● Work to be completed:
Without the pictures, print the lines running from the beginning of the material to the line containing "Cáp sạc bọc dù Type C REMAX RC-152a 2.4A", both ends included.

● Data supplied:
== Segment start ==

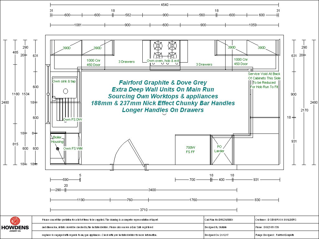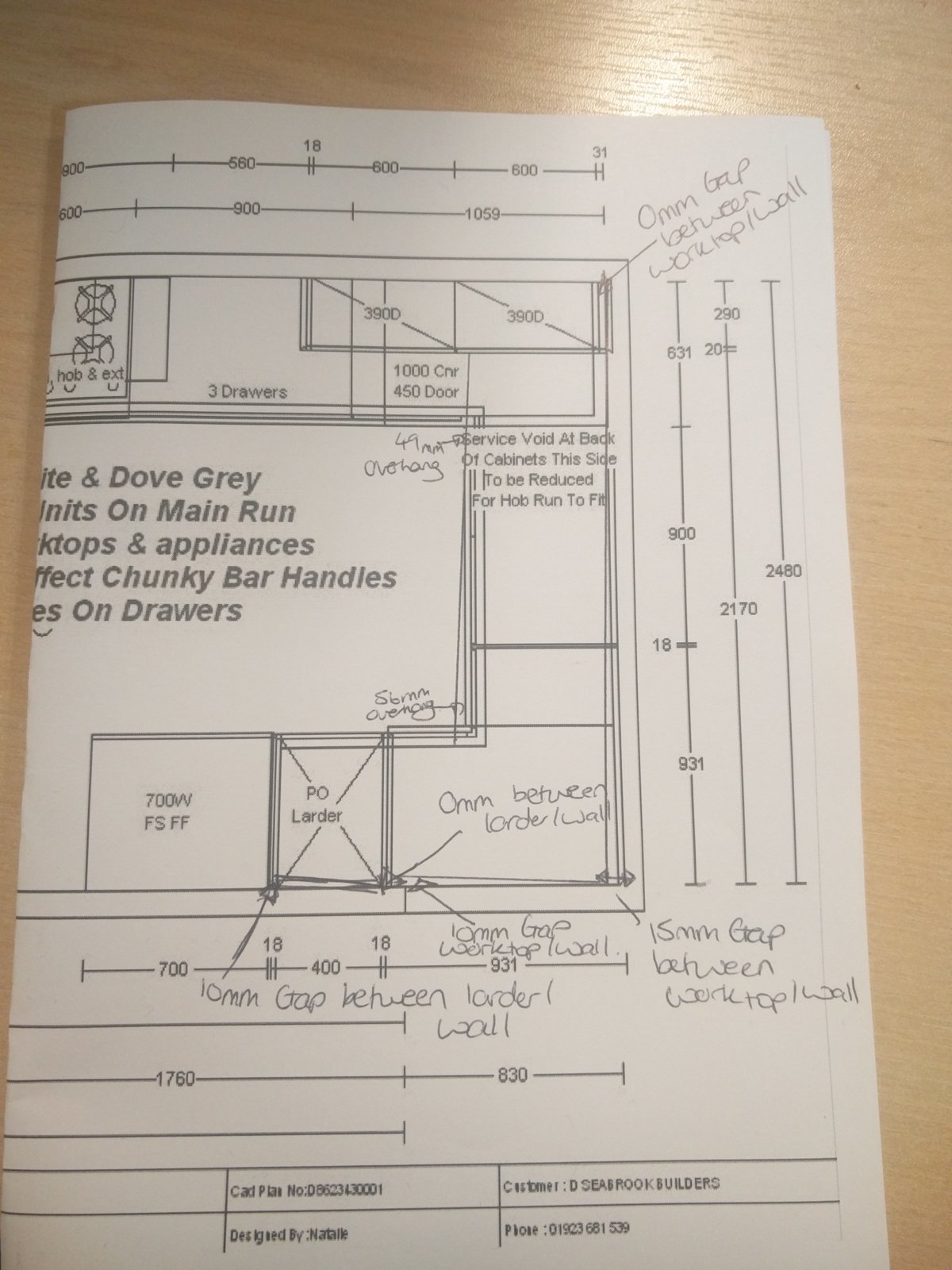 One of the worktop joints is not at 90 degrees its about 2mm off of square between the front/back to the worktop. This is resulting in the worktop moving away from the wall (by our calculations by about 6mm at the far end where the gap is currently 15mm). The overhang at the front of these cabinets is also not the same all the way along - being 49mm one side and 56mm the other.
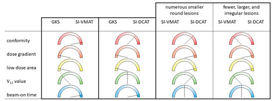 A relative comparison between the different treatment techniques; GK—Gamma Knife; SI-DCAT—single-isocenter dynamic arc therapy; SI-VMAT—single-isocenter volumetric arc therapy.
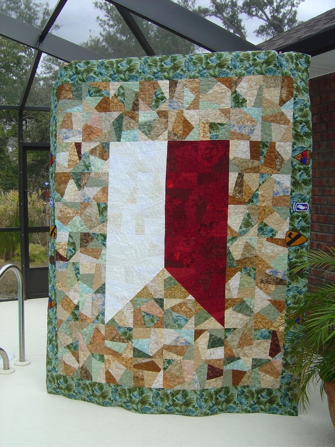 annasgirl Bryan's Cavalry Flag - This quilt was made with the wonderful Stack the Deck technique and my own original pattern for the US Army's cavalry flag. The background was made to resemble camouflage fabric and has Bryan's Army patches sewn on the borders.
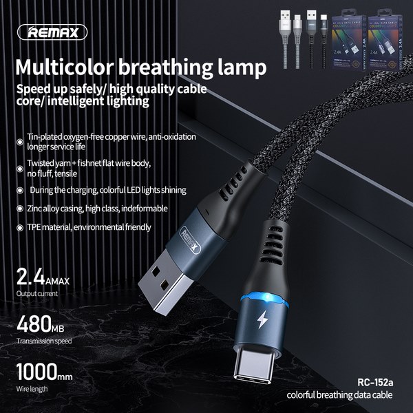 Cáp sạc bọc dù Type C REMAX RC-152a 2.4A
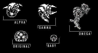 The second game in the Metroid series, this Gameboy game takes place on the planet SR388. This time, the Metroids populated the planet all by themselves and are run by the Queen Metroid. This time, the metroids start out as normal, oval shaped metroids and then transform to other shapes over the course of the game (see right).
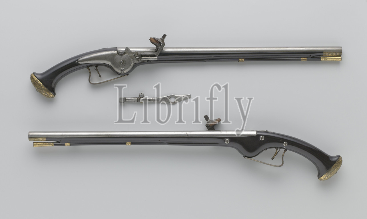 Pair, wheellock pistols, spanner, Wheellock pistol, Part, couple, wheel, lock, provided, hook, bottom, top, round barrel, flat, back, stamped, PM mark, ebony flask, grooved front drawer, Apart, gold-plated iron trigger guard, gold-plated copper fittings, engraved, flowers, foliage, consisting, chest, drawers, two loading rod sleeves, butt cap engraved, imprinted, background marked, dots, ebony loading stick, gold-plated brass cap, Peter Meesen, Utrecht, 1655, 1660, ebony, wood, gilding, material, iron, metal, brass, alloy, engraving, l 68
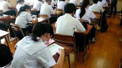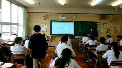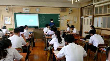 3年生英語の授業が行われています。ウォーミングアップとして海の生き物を英語でどう呼ぶかを学習中。サメ(shark)やイルカ(dolphin)はおなじみですが、クラゲ(jellyfish)、タツノオトシゴ(seahorse)は、面白い表現ですね。
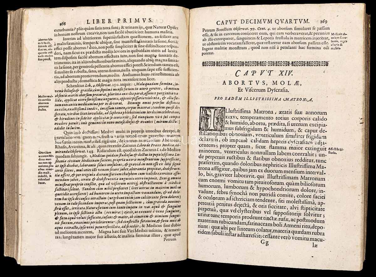 Thiermair, Franz Ignaz: Scholia medica ad totidem & antè nunquam vulgatas consultationes et responsiones. Quas partim author, partim alii, praecipue in Bavaria celeberrimi archiatri privatim & diversis temporibus exararunt. München, Johann Jäcklin, 1673. 2 Teile in 1 Band. Folio. (14) Bl., 196 S., (4) Bl., 200 S., (7) Bl. (Index), 1 Bl. Druckermarke. Mit gestochenem Frontisp. und einem gestochenen Textkupfer. Pergamentband aus der Zeit.
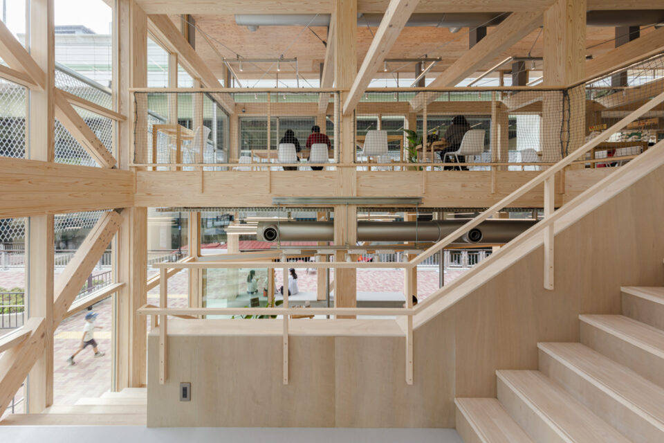 架構は木の構造特性から、4.35m 及び3m×3mを基本とした均一な格子を採用し、長く汎用的に使える空間とした。この架構は住宅等と同じ流通サイズ木材での通常在来木造工事が可能であり、コスト合理性に配慮し、施設運営にも寄与している。また、耐力壁には特殊な筋違を採用し、公園へと広がる視線を妨げない様計画とした。

== Segment end ==

● Solution to this exercise:
 One of the worktop joints is not at 90 degrees its about 2mm off of square between the front/back to the worktop. This is resulting in the worktop moving away from the wall (by our calculations by about 6mm at the far end where the gap is currently 15mm). The overhang at the front of these cabinets is also not the same all the way along - being 49mm one side and 56mm the other.
 A relative comparison between the different treatment techniques; GK—Gamma Knife; SI-DCAT—single-isocenter dynamic arc therapy; SI-VMAT—single-isocenter volumetric arc therapy.
 annasgirl Bryan's Cavalry Flag - This quilt was made with the wonderful Stack the Deck technique and my own original pattern for the US Army's cavalry flag. The background was made to resemble camouflage fabric and has Bryan's Army patches sewn on the borders.
 Cáp sạc bọc dù Type C REMAX RC-152a 2.4A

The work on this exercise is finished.